O departamento de Chiquimula, que faz fronteira com Honduras e El Salvador, foi o ponto de partida desses destacamentos, com pontos de vigilância estratégica estabelecidos ao longo dos limites fronteiriços. A partir desses lugares, estão sendo coletados dados de inteligência e identificadas ameaças, para implementar medidas preventivas que enfraqueçam as redes de narcotráfico e contrabando, informou a AGN.

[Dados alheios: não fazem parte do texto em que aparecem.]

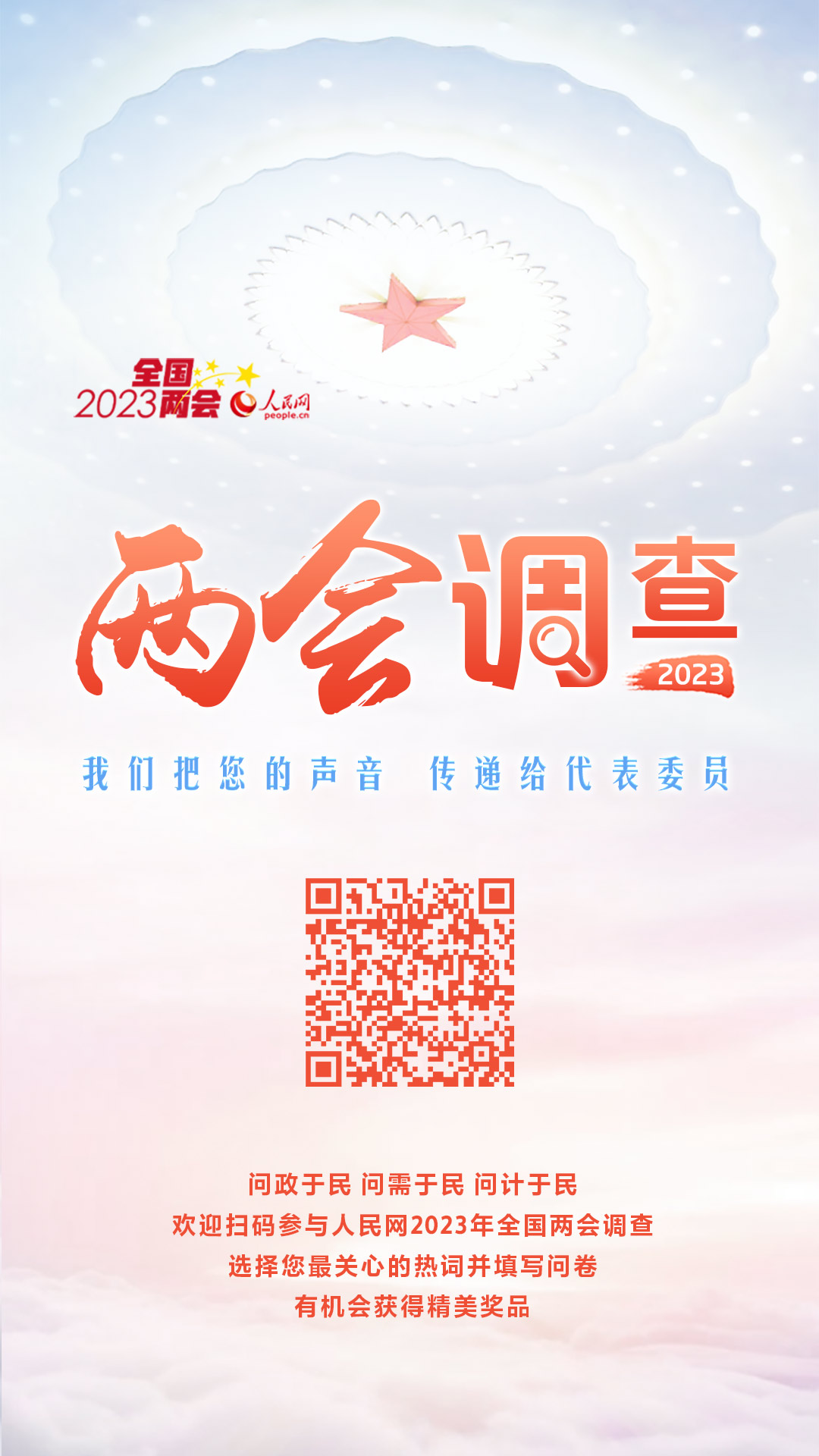 如何更好統籌疫情防控和經濟社會發展、如何穩增長穩就業穩物價、今年您期待哪些社會保障舉措、民法典實施以來您身邊哪些現象有所改善……2023年全國兩會召開期間,人民網記者將把調查結果和網友心聲帶給代表委員。

“A Força-Tarefa tem jurisdição nos departamentos fronteiriços de Izabal, Zacapa, Chiquimula e Jutiapa, pontos sensíveis utilizados pelas organizações criminosas”, disse à Diálogo a Major de Infantaria Ann Marie Argueta, porta-voz do Exército da Guatemala, sobre a Operação Cinturão de Fogo Leste. “Realizamos operações de cooperação integral, assegurando a proteção dos cidadãos e o combate a todas as formas de crime organizado transnacional, para manter uma fronteira fortalecida, garantindo a paz e a segurança da população guatemalteca nessa região.”
A Operação Cinturão de Fogo começou originalmente em fevereiro de 2024, na fronteira com o México, quando grupos criminosos, incluindo os cartéis de Sinaloa e Jalisco Nova Geração, estimularam a violência, como parte de sua guerra territorial, informou France24.
Zona de destacamento

O relatório Mitigando a violência nos centros de narcotráfico da América Latina, publicado pela ONG International Crisis Group (ICG), enfatiza que os grupos criminosos estão evoluindo, atomizando-se e diversificando-se em redes descentralizadas, que subcontratam cada etapa do tráfico de drogas.
Em vez de estruturas hierárquicas que são fáceis de desmantelar, o narcotráfico agora opera com financiadores de alto nível, que contratam traficantes internacionais para coordenar suas atividades, enquanto esses traficantes se associam a grupos locais, para garantir o fluxo de drogas. Dessa forma, eles se expandem para outros crimes, como a extorsão, para consolidar seu controle sobre as economias ilícitas, indica o relatório.
“Hoje temos um ecossistema de crime organizado na região que é mais resiliente do que nunca e, devido à sua fragmentação, é muito difícil de controlar”, explicou à Diálogo Elizabeth Dickinson, analista sênior do ICG. “Há cada vez mais grupos envolvidos em elos menores da cadeia de produção e fornecimento. Isso realmente complica os esforços para combater as drogas.”
Em seu relatório Estratégia Internacional de Fiscalização de Narcóticos 2025, o Departamento de Estado dos EUA destaca os avanços da Guatemala, incluindo o fato de ter triplicado suas apreensões de drogas em 2024, em comparação com os números de 2023. Por sua vez, o Ministério do Interior da Guatemala afirmou que o apoio dos EUA foi fundamental para combater o narcotráfico e ressaltou outras ações conjuntas na luta contra o crime transnacional na região, como a criação do Grupo Interinstitucional para o Controle e Inspeção de Precursores e Substâncias Químicas e o primeiro Diálogo de Alto Nível sobre Segurança, como um passo crucial em direção a uma estratégia compartilhada para combater as ameaças transnacionais à segurança.
A Guatemala tem sido um líder estratégico no apoio a esforços mais amplos de segurança regional. Em janeiro, enviou 150 soldados para apoiar a Missão de Estabilização do Haiti. “A segurança nacional é constantemente ameaçada por conflitos, terrorismo, crime cibernético e crime organizado, entre outros. Isso põe em risco a estabilidade da Guatemala, afetando sua economia e minando a segurança de seus cidadãos”, disse o Gen Bda Orozco. “Por essa razão, o governo adota medidas eficazes para prevenir e mitigar esses riscos, fortalecendo as capacidades das diferentes instituições, nesse caso de defesa, cooperando em nível internacional. Somente por meio da colaboração e da solidariedade entre os países será possível garantir a segurança e o bem-estar de todos.”